Is there a reason for "delete-buffer"?

Hello,
I am new to kakoune, coming from vim. I just wanted to know, why the “buffer” commands are inverted. We have “buffer-next” and “buffer-previous”. But we also have “delete-buffer”. This last one seems to me, to go against the kakoune philosophy of first selecting and then acting. Furthermore, I want to write “buffer-…” and then need to correct this.
The question, I guess, is: Why is it “delete-buffer” and not “buffer-delete”?

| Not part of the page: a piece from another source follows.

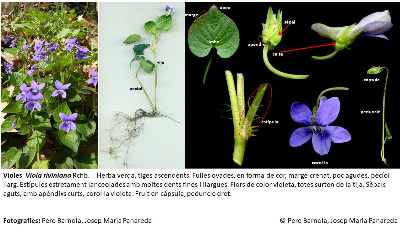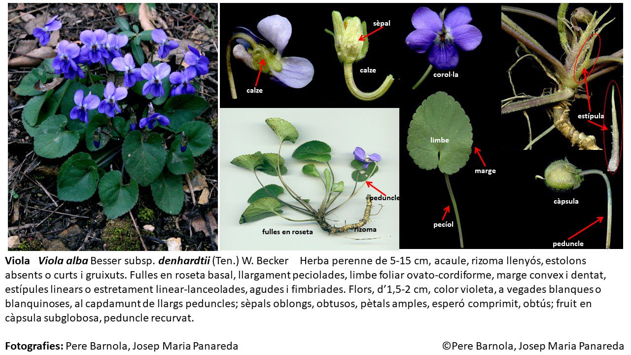 És una herba perenne de 5-15 cm, acaule, amb rizoma llenyós i estolons absents o curts i gruixuts. Té totes les fulles en roseta basal, llargament peciolades i amb el limbe foliar ovato-cordiforme amb el marge convex i dentat, i les estípules linears o estretament linear-lanceolades, agudes i fimbriades. Les flors, d’1,5-2 cm i de color violeta, a vegades blanques o blanquinoses,es troben al capdamunt de llargs peduncles; els sèpals són oblongs i obtusos, els pètals amples i l’esperó comprimit i obtús; el fruit és en càpsula subglobosa i amb el peduncle recurvat.

P.S.: I like the “selection first” mentality. It has a very 2016 kind of vibe :stuck_out_tongue: I also very
much like the regex mechanism. It comes much more naturaly to me than the vim-counterpart.
P.P.S.: I am in favor of the whole “Duck”-Issue

1 Like

Hello

Have a look at these related GitHub issues / commits for some historic background on this topic:

Why db to delete buffer instead of bd
https://github.com/mawww/kakoune/issues/1094

Buffer Delete vs Delete Buffer
https://github.com/mawww/kakoune/issues/806

Rename commands to fit a more consistent naming scheme
https://github.com/mawww/kakoune/pull/827

3 Likes

Hi Delapouite,

thank you for the informative reply.
I understand the problems now, arising from old naming schemes.
IMHO a consistent verbose object-verb format with custom alias would have been a great choice for kakoune.
Since kak already diverges from konventions, consistency would have been a great asset.
Having said that, I think the commands have a great format.